Below are some records. Print exactly the lines between the one holding "FIGURA 1. Cultură" and the one holding "după decontaminarea prealabilă", inclusive, and nothing else.

• **Dataset records**:
★ ★ ★ ★

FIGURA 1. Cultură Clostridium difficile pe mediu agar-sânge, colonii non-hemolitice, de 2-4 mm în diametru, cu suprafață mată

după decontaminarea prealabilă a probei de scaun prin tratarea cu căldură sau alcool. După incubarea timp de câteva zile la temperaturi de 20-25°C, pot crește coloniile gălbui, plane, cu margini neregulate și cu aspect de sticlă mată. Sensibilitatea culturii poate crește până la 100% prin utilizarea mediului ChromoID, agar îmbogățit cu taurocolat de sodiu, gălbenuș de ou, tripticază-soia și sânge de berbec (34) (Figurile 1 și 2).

★ ★ ★ ★

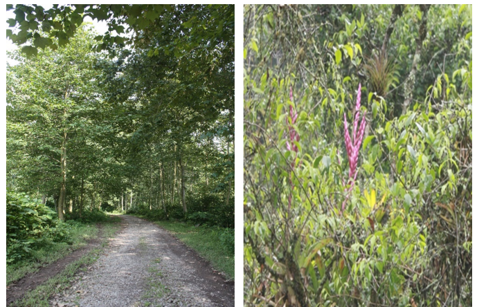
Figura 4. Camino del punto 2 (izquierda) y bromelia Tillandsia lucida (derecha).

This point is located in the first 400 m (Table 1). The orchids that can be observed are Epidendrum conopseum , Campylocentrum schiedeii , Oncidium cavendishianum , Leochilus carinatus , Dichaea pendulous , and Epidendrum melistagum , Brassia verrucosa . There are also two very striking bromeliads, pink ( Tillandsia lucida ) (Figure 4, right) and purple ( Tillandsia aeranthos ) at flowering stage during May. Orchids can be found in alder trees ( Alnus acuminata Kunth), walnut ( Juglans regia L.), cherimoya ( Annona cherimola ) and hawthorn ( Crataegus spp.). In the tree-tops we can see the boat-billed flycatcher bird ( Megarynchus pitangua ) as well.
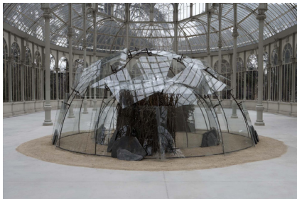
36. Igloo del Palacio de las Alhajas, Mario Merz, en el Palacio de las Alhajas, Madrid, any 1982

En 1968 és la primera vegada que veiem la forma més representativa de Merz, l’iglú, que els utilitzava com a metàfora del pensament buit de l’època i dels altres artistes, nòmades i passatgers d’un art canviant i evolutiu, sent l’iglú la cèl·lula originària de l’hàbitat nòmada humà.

★ ★ ★ ★

• **Output for this exercise**:
FIGURA 1. Cultură Clostridium difficile pe mediu agar-sânge, colonii non-hemolitice, de 2-4 mm în diametru, cu suprafață mată

după decontaminarea prealabilă a probei de scaun prin tratarea cu căldură sau alcool. După incubarea timp de câteva zile la temperaturi de 20-25°C, pot crește coloniile gălbui, plane, cu margini neregulate și cu aspect de sticlă mată. Sensibilitatea culturii poate crește până la 100% prin utilizarea mediului ChromoID, agar îmbogățit cu taurocolat de sodiu, gălbenuș de ou, tripticază-soia și sânge de berbec (34) (Figurile 1 și 2).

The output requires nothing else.